Aislamiento de la microglía de la corteza del cerebro de un ratón adulto

Todos los procedimientos relacionados con la recolección de muestras se han realizado de acuerdo con las directrices del IRB del instituto.

1. Disociación mecánica del tejido

NOTA: Mantenga las células y los reactivos fríos todo el tiempo, excepto durante los pasos de tinción. Este paso debería tomar ~ 30 min.

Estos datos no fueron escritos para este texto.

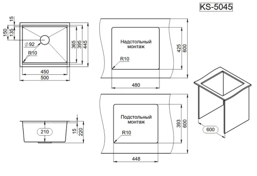 Кухонная мойка GRANULA Kitchen Space (5045U, СТАЛЬ МАТОВАЯ)
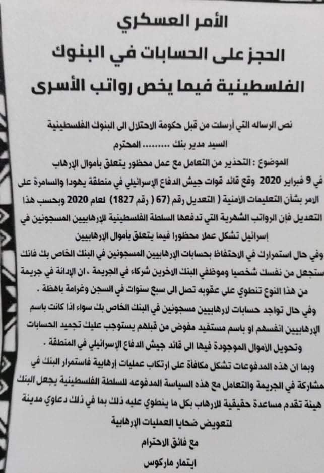 وافادت بعض عائلات الاسرى،أن ادارة البنوك طالبتهم بعمل براءة ذمة، واغلاق حساباتاهم وسحب اموالهم.

1. Pica cada tejido cerebral con una cuchilla de afeitar en <1 mm³ trozos finos.
2. Utilice una pipeta de 1 mL (con las puntas cortadas) para transferir los trozos de tejido a los homogeneizadores Dounce preenfriados, cada uno de los cuales contiene 2 mL de medio A con DNasa e inhibidor de RNasa.
3. Homogeneice el tejido girando lentamente el pistón hacia adentro y hacia afuera del homogeneizador Dounce durante 6-10 carreras completas hasta que no queden trozos visibles.
   nota: La duplicación mata las neuronas y la mayoría de las otras células gliales, pero deja las células microgliales bastante intactas. Tanto la insuficiencia como el exceso de orina pueden conducir a un bajo rendimiento de células.
4. Transfiera los tejidos disociados a tubos de 50 ml a través de filtros de 70 μm.
5. Enjuague cada homogeneizador y pistón Dounce con un total de 6 mL de medio frío A y filtre la solución de enjuague a través del mismo colador en el tubo correspondiente.
6. Transfiera las suspensiones de una sola celda (aproximadamente 8 mL cada una) a tubos cónicos de 15 mL y centrifugue a 400 x g durante 5 min a 4 °C con freno = 5.

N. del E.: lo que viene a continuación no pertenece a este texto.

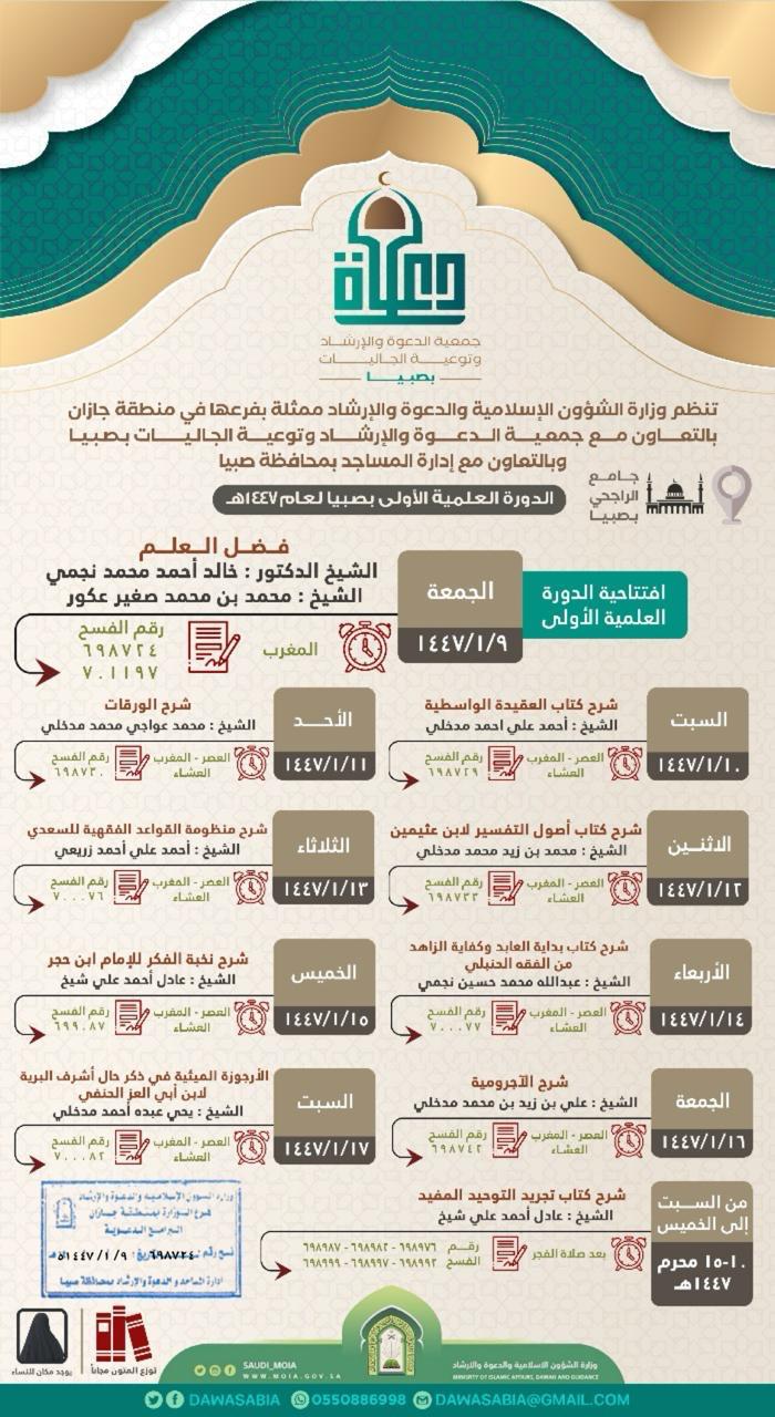أطلقت جمعية الدعوة والإرشاد وتوعية الجاليات بمحافظة صبيا مساء اليوم، فعاليات الدورة العلمية الأولى لعام 1447هـ، وسط حضور جمع من طلاب العلم والمهتمين، وذلك في جامع الراجحي بالمحافظة.

>2. Eliminación de mielina

>NOTA: Este paso debería tomar ~60 min.

1. Prepare 1 columna de depleción grande (LD) (para la corteza) y 3 columnas de selección grande (LS) (para las otras 3 regiones) en un separador magnético (Tabla de materiales). Enjuague cada columna con 3 mL de tampón MCS.
2. Una vez finalizada la centrifugación, pipetear y desechar el sobrenadante sin alterar el pellet. Para los tejidos de la corteza y el cerebelo, resuspenda las células en 850 μL de tampón MCS con 1,8 μL de inhibidor de RNasa. Para los tejidos del hipocampo y del cuerpo estriado, resuspender las células en 400 μL de tampón MCS con 0,9 μL de inhibidor de la RNasa.
   nota: Las columnas (LD vs. LS) y el volumen utilizado para la resuspensión se optimizan en función de la cantidad de mielina presente en el tejido. Si se analizan otras regiones del cerebro, es posible que sea necesario ajustar estas condiciones según el tamaño del tejido y la cantidad de mielina que pueda existir. La eficacia de la eliminación de mielina se puede estimar en el paso 2.9.
3. Agregue 100 μL de perlas de eliminación de mielina en cada una de las células de la corteza y el cerebelo y agregue 50 μL de perlas de eliminación de mielina en cada una de las células del hipocampo y el cuerpo estriado.
4. Mezcle suavemente las células con perlas e incube los tubos en hielo durante 10 minutos.
5. Lleve el volumen del tubo con células corticales a 2 mL con tampón MCS y todos los demás a 1 mL (es decir, agregue 1 mL para las células corticales; 500 μL para las células del hipocampo y estriatales; no es necesario agregar tampón a las células cerebelosas).
6. Una vez que las columnas estén vacías de tampón de enjuague, coloque un tubo de 15 ml debajo de cada columna. Cargue las células corticales (2 mL) en la columna LD y todas las demás (1 mL cada una) en las columnas LS. Utilice inmediatamente 1 mL de tampón MCS para lavar los tubos originales y cargue la solución en las columnas correspondientes.
7. Lave la columna LD una vez con 1 mL de tampón MCS y lave cada columna LS dos veces con 1 mL de tampón MCS en cada lavado. Continúe recogiendo la solución de flujo continuo durante el lavado.